The objective function can be formally stated as:

\[
\min_{w, b} \frac{1}{2} \|w\|^2
\]

### Constraints

This minimization is subject to the constraints that ensure correct classification of the training samples:

\[
y_i (w \cdot x_i + b) \geq 1 \quad \forall i
\]

Where:
- \( y_i \) is the label of the \( i \)-th sample, taking values +1 or -1.
- \( x_i \) is the feature vector of the \( i \)-th sample.
- \( w \) is the weight vector, and \( b \) is the bias term.

### Explanation

1. **Minimizing \(\frac{1}{2} \|w\|^2\)**: This term represents the squared magnitude of the weight vector \( w \). 
    Minimizing this term corresponds to maximizing the margin between the hyperplane and the nearest data points 
    (support vectors). The factor of \( \frac{1}{2} \) is used for mathematical convenience, especially during 
    optimization.

2. **Constraints**: The constraints ensure that each data point is classified correctly with respect to the hyperplane.
    Specifically, for points belonging to the positive class (label +1), the inequality should be satisfied positively,
    and for points in the negative class (label -1), it should be satisfied negatively.


In [None]:
Q3. What is the kernel trick in SVM?

In [None]:
The kernel trick is a powerful technique used in Support Vector Machines (SVM) that allows the algorithm to operate 
in a higher-dimensional space without explicitly computing the coordinates of the data in that space. Instead, it 
uses a kernel function to compute the inner products between the data points in the transformed feature space. 
This enables SVMs to effectively handle non-linear relationships between data points.

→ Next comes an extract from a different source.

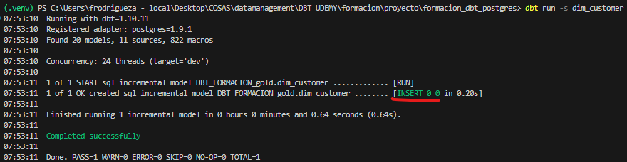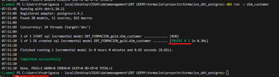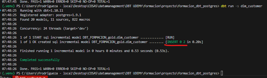 Si el registro ya existe, DBT elimina la fila anterior antes de insertarla nuevamente.
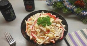 Читать далее »Праздничный салат “Змейка” с огурцами, курицей и яблоком

### Key Concepts of the Kernel Trick

1. **Non-linearly Separable Data**: In many real-world scenarios, data points from different classes cannot be 
    separated by a straight line (or hyperplane) in their original feature space. The kernel trick allows SVM to 
    create a decision boundary that is non-linear in the original space by mapping the data into a higher-dimensional 
    space.

2. **Kernel Function**: A kernel function computes the dot product of two vectors in a higher-dimensional feature 
    space without explicitly transforming the data. Common kernel functions include:
   - **Linear Kernel**: \( K(x_i, x_j) = x_i \cdot x_j \)
   - **Polynomial Kernel**: \( K(x_i, x_j) = (x_i \cdot x_j + c)^d \) for constants \( c \) and degree \( d \)
   - **Radial Basis Function (RBF) Kernel**: \( K(x_i, x_j) = \exp\left(-\frac{\|x_i - x_j\|^2}{2\sigma^2}\right) \)
   - **Sigmoid Kernel**: \( K(x_i, x_j) = \tanh(\alpha x_i \cdot x_j + c) \)

3. **Implicit Mapping**: The kernel trick allows SVM to learn complex decision boundaries by implicitly mapping the 
    original features into a higher-dimensional space. This mapping is performed through the kernel function without 
    the need to calculate the coordinates of the points in that space.

### Benefits of the Kernel Trick

- **Computational Efficiency**: By avoiding the explicit transformation of the data, the kernel trick saves 
    computational resources, making it feasible to work with high-dimensional data.
- **Flexibility**: Different kernel functions can be used to suit the nature of the data and the problem at hand,
    allowing for a wide variety of decision boundaries.
- **Improved Performance**: SVMs can achieve better classification performance on complex datasets that are not 
    linearly separable.

In [None]:
Q4. What is the role of support vectors in SVM Explain with example

In [None]:
Support vectors are the data points that are closest to the decision boundary (hyperplane) in a Support Vector Machine
(SVM) model. They play a crucial role in defining the optimal hyperplane that separates different classes. Here’s a 
detailed explanation of their role, along with an example:

### Role of Support Vectors

1. **Defining the Decision Boundary**: Support vectors are the critical elements of the training dataset that determine
    the position and orientation of the hyperplane. If any other points were removed (excluding the support vectors), 
    the position of the hyperplane would change.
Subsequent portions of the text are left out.